Exercise goal
Below are records with pictures; copy word for word only the lines between the line with "이번 회차는 ‘모란꽃" and the line with "Use this procedure", inclusive, and drop the pictures.

Provided entries
########

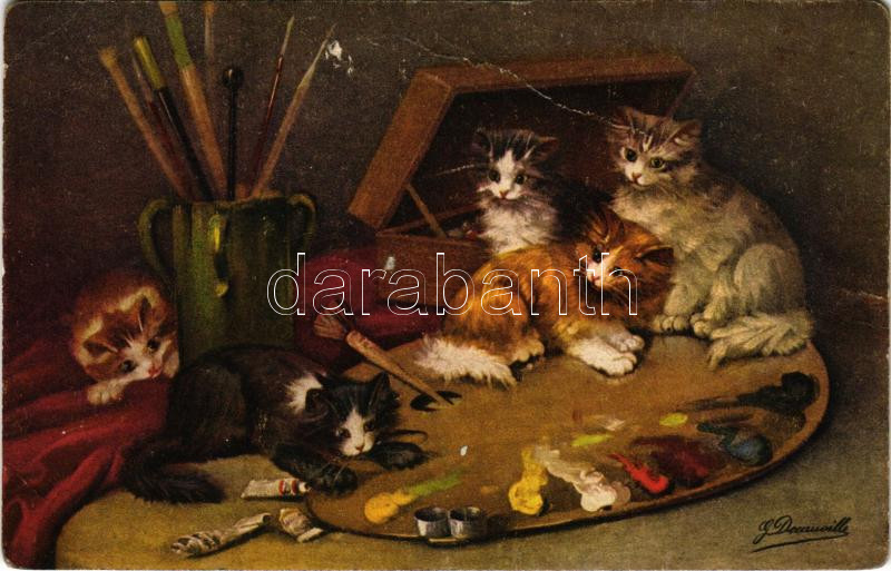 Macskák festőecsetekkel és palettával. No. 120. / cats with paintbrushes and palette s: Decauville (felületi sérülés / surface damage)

########

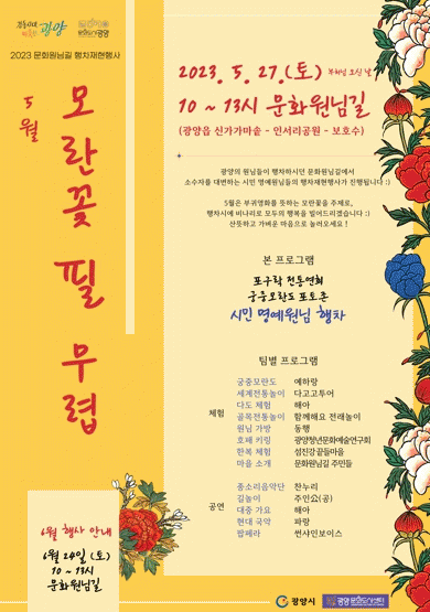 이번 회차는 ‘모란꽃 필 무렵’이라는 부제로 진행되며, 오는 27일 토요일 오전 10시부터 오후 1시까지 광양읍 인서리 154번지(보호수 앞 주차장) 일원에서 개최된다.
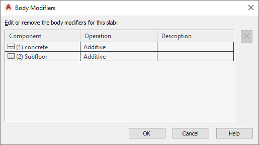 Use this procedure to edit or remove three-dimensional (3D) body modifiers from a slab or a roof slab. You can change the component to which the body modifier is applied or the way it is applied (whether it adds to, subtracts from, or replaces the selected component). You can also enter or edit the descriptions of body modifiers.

########

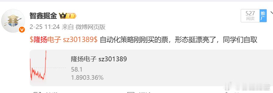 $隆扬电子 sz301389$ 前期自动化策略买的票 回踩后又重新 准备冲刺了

########

Written response
 이번 회차는 ‘모란꽃 필 무렵’이라는 부제로 진행되며, 오는 27일 토요일 오전 10시부터 오후 1시까지 광양읍 인서리 154번지(보호수 앞 주차장) 일원에서 개최된다.
 Use this procedure to edit or remove three-dimensional (3D) body modifiers from a slab or a roof slab. You can change the component to which the body modifier is applied or the way it is applied (whether it adds to, subtracts from, or replaces the selected component). You can also enter or edit the descriptions of body modifiers.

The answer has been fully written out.